Over the last few weeks, I have been digging a new border at the front of the house, which I will plant with early lilies (Asiatic hybrids) and dahlias. Next November I will add tulips which should deliver nearly continuous flowering from spring until late autumn. As it is now mid-March and I have not yet planted any lilies I had better get on. As I am focusing on planting lilies now is probably a good time to try and address the subject of the lily beetle. With some effort, this can be controlled in the garden.

The red beetle overwinters in the ground and emerges from late March. Their eggs are laid on the underside of the plants leaf from late April until mid-summer. This is when the damage starts as the larvae feed on the foliage. When done they return to the ground to pupate, leaving a covering of what looks like bird droppings on top of the soil and the plants, and emerge as adults in mid-summer when they carry on the feeding damage.

I have read that scent does play a part in their spreading although I am not totally convinced.
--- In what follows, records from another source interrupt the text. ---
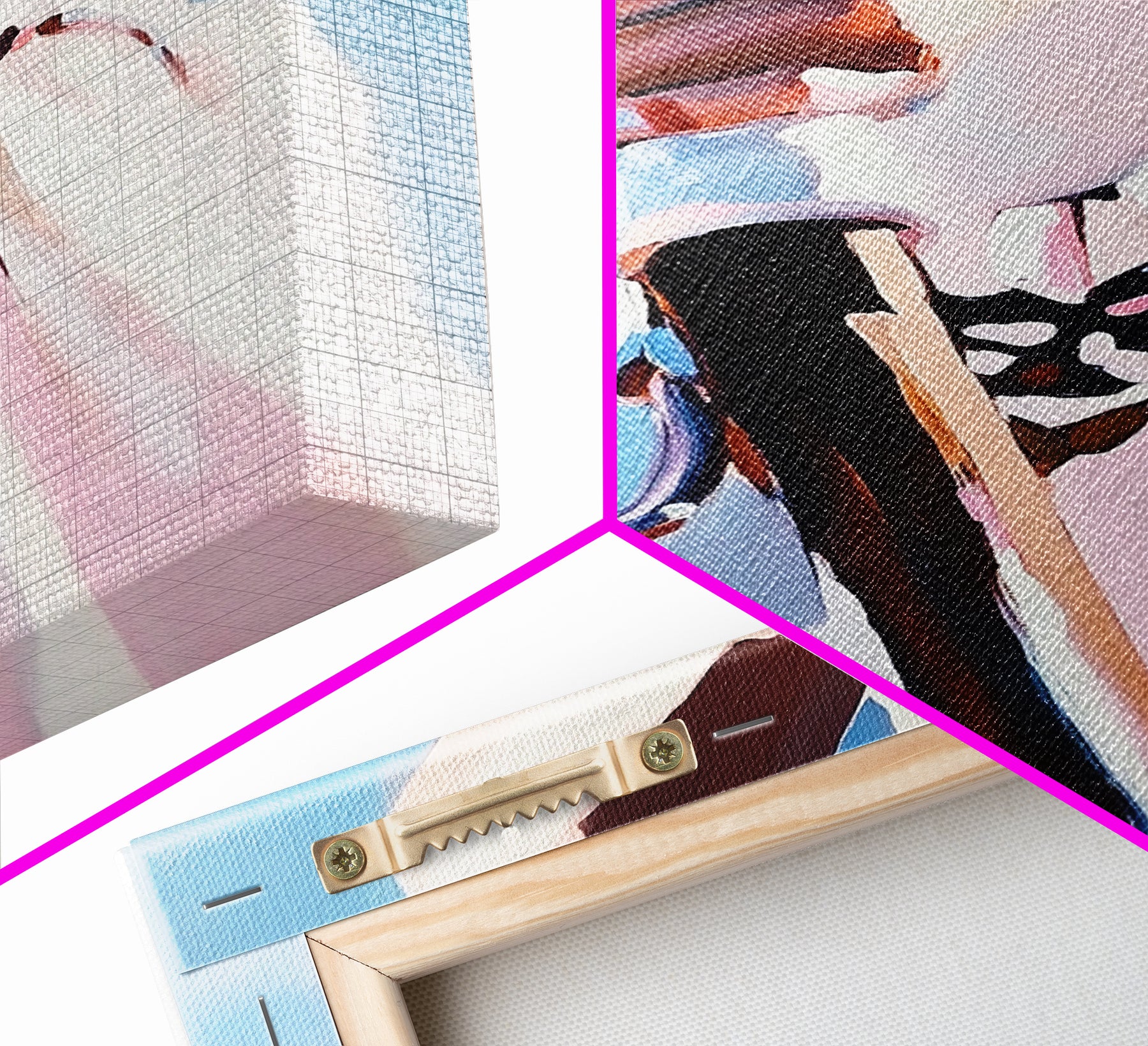 Hello and thank you for taking the time to view our modern high quality giclée artwork! We offer both posters and stretched canvas prints. Our posters are printed on Ultra Matte 60 lb / 230 GSM high quality photo paper, with a thickness of 10 mil. Our canvases are printed on museum grade 350 GSM canvas material with ECO friendly archival grade ink, then hand stretched and stapled over premium, FSC certified and shrink resistant frames. Designed and built to last a lifetime.
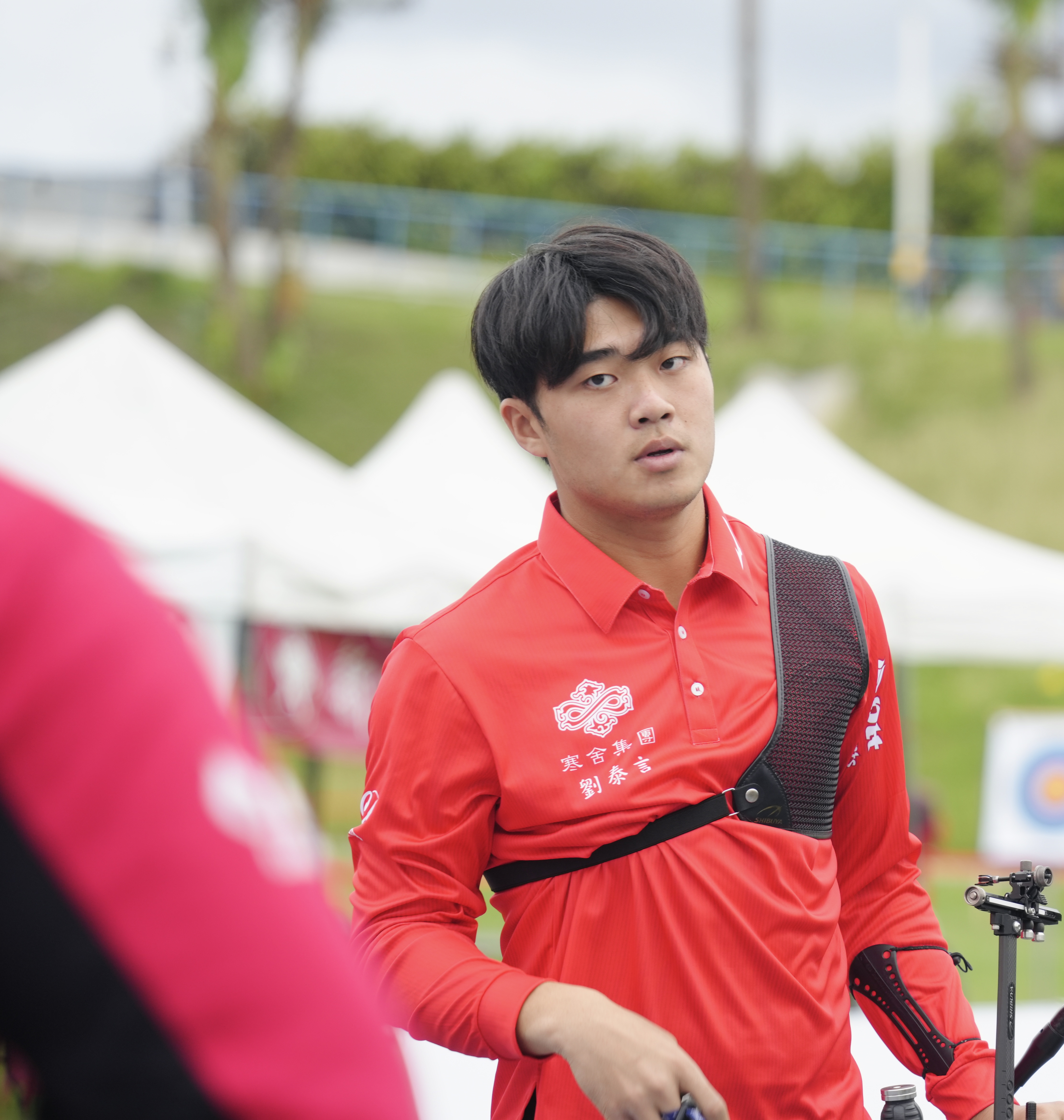 劉泰言久違企聯個人賽,加射後敗給巴黎奧運國手、國立體育大學學長林子翔。(中華民國射箭協會提供)
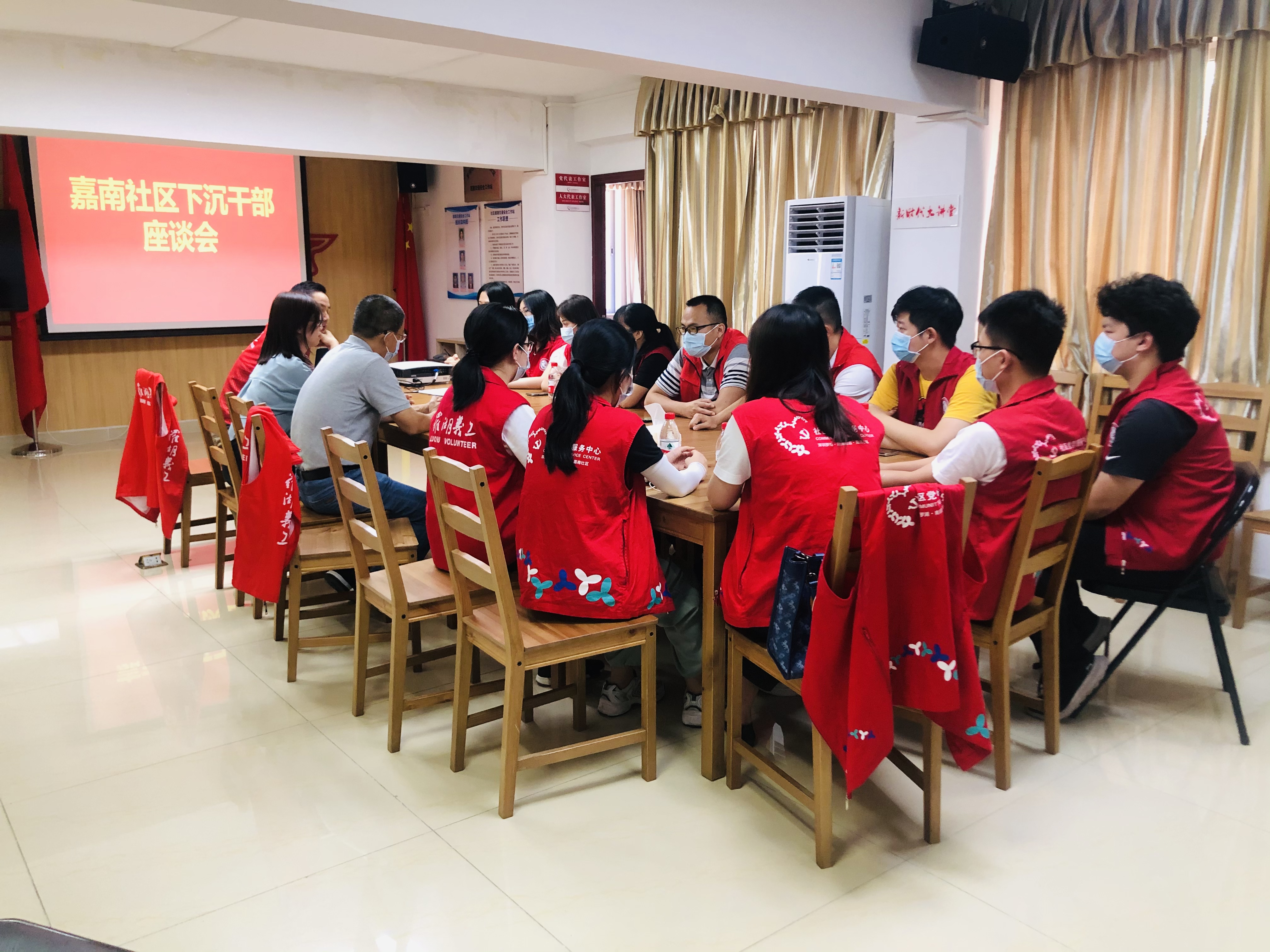 嘉南社区讯,7月5日下午,办事处二级调研员、嘉南社区第一书记许海彤到嘉南社区召开区下沉干部座谈会。许书记代表办事处对大家在社区防疫工作紧张时刻,及时到来,积极工作表示感谢。这段时间区派下层干部队伍展现的精神面貌,工作的仔细认真,服务居民的细致入微,都是社区学习的榜样。感谢带队组长民政局干部涂磊同志、副组长区纪委干部张毅同志的组织协调,出色的在最快的效率整合了分别来自四个不同单位的队伍。区派下沉干部们表示感谢组织信任给予这个锻炼的机会,这段经历是他们工作和生活都是宝贵的经历。
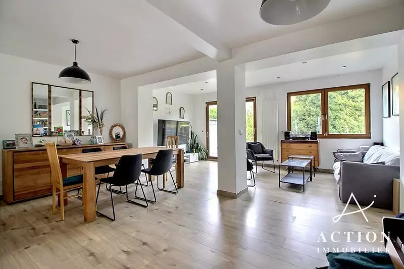ACTION IMMOBILIER a le plaisir de vous proposer en EXCLUSIVITÉ cette très belle maison de 120 m² habitables avec 2 garages et sous-sol semi-enterré complet dans un quartier familial.
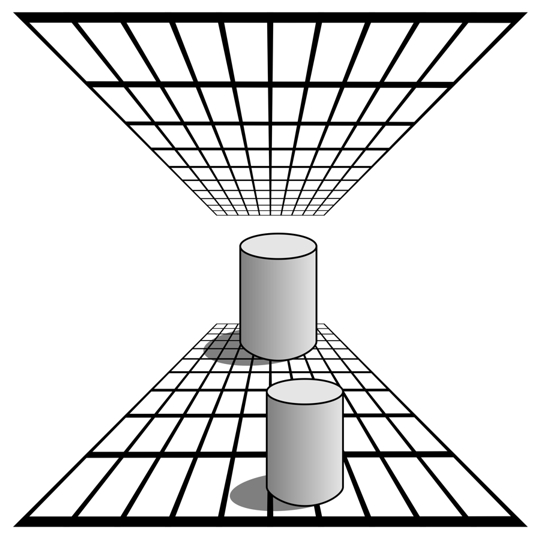 The distortion is reversed if perspective patterns are given to the ceiling and floor.

In my garden, the problem is very localised impacting only one group planting. Lilies in other parts of the garden somehow remain unaffected. If you have any suggestions as to how the beetles can be prevented from emerging or finding the lilies in the first place I would be grateful for your advice.

Science is not always helpful in our gardening practices; horticulture is generally too far down the food chain to claim the required resources. Much of what we do has to be based on experience, passed along tips and trial and error.
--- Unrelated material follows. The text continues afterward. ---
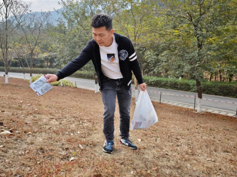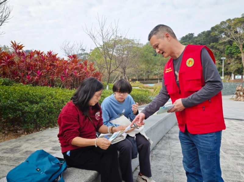 在九洞森林公园,不少市民正在散步游玩。樟木头农林水务局工作人员沿着草地、水边展开地毯式排查,发现蚁巢后,立刻撒施防治药剂,现场实施粉剂灭杀。同时,工作人员向市民派发科普手册,讲解红火蚁的危害以及如何避免叮咬、蜇后处理方法等知识。
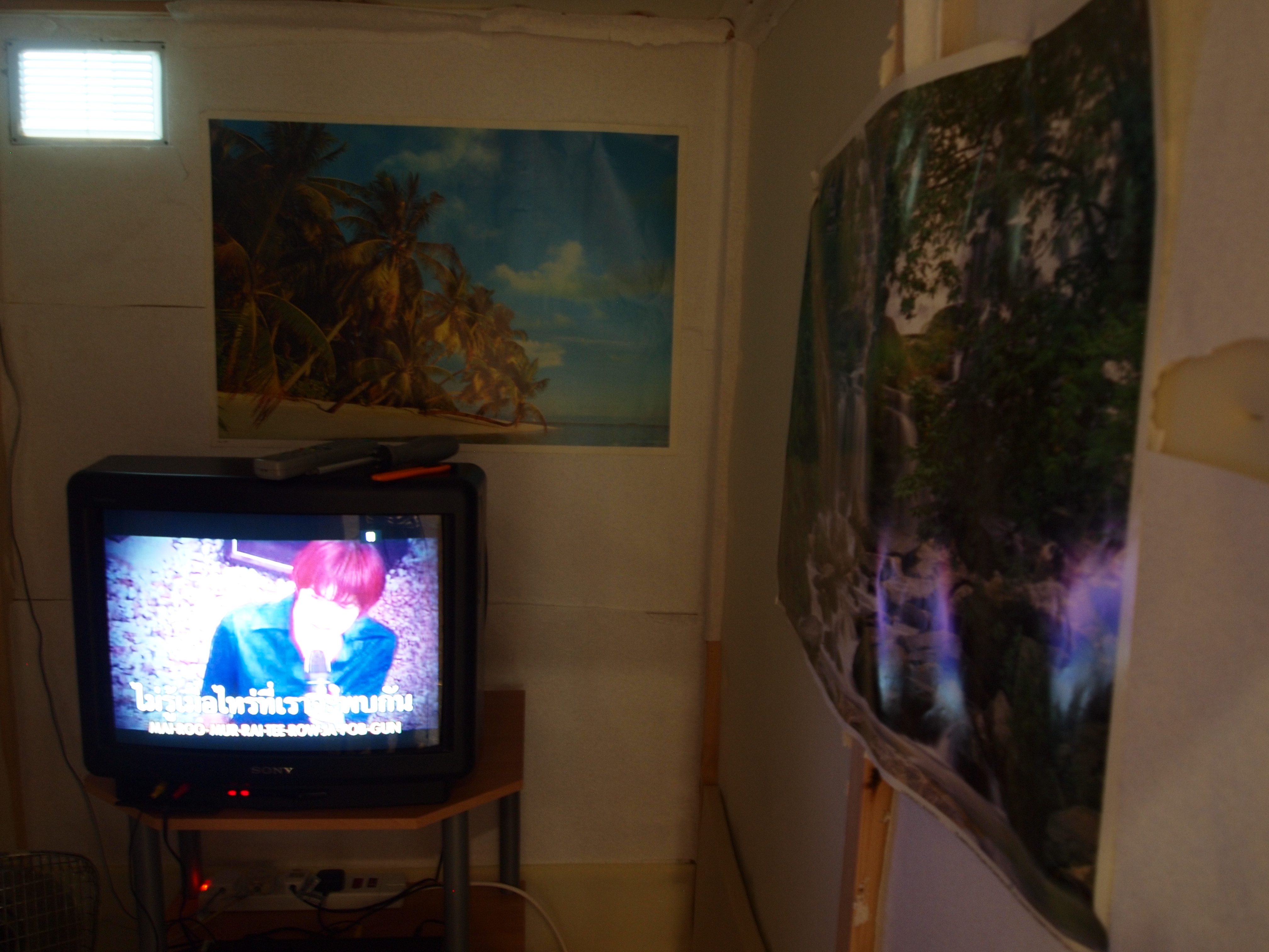 In other word the work touch up on the sense of culture,exotic culture,namely Thai culture being exploited as commodity. Also in itself the work is a space of non-place where this karaoke box could exist only in Thai old department store,dodgy beach bar,shady suburb restaurant and local pub.

Here are a few pointers that may help: -
  •  Remove any larvae from the underside of the leaves as soon as it appears 
  •  The beetles will immediately fall from the plant if disturbed. Place an old white sheet under the plant for them to be visible when they drop, they are a challenge to catch if they fall on bare soil. 
  •  If you find evidence of the larvae in the soil (it looks like bird droppings on the surface) cover sparingly with cooking oil, this will help prevent the new adults from emerging. 
  •  If all else fails resort to spraying. This should be only done late in the day after the full strength of the sun has passed avoiding any burning to the plants.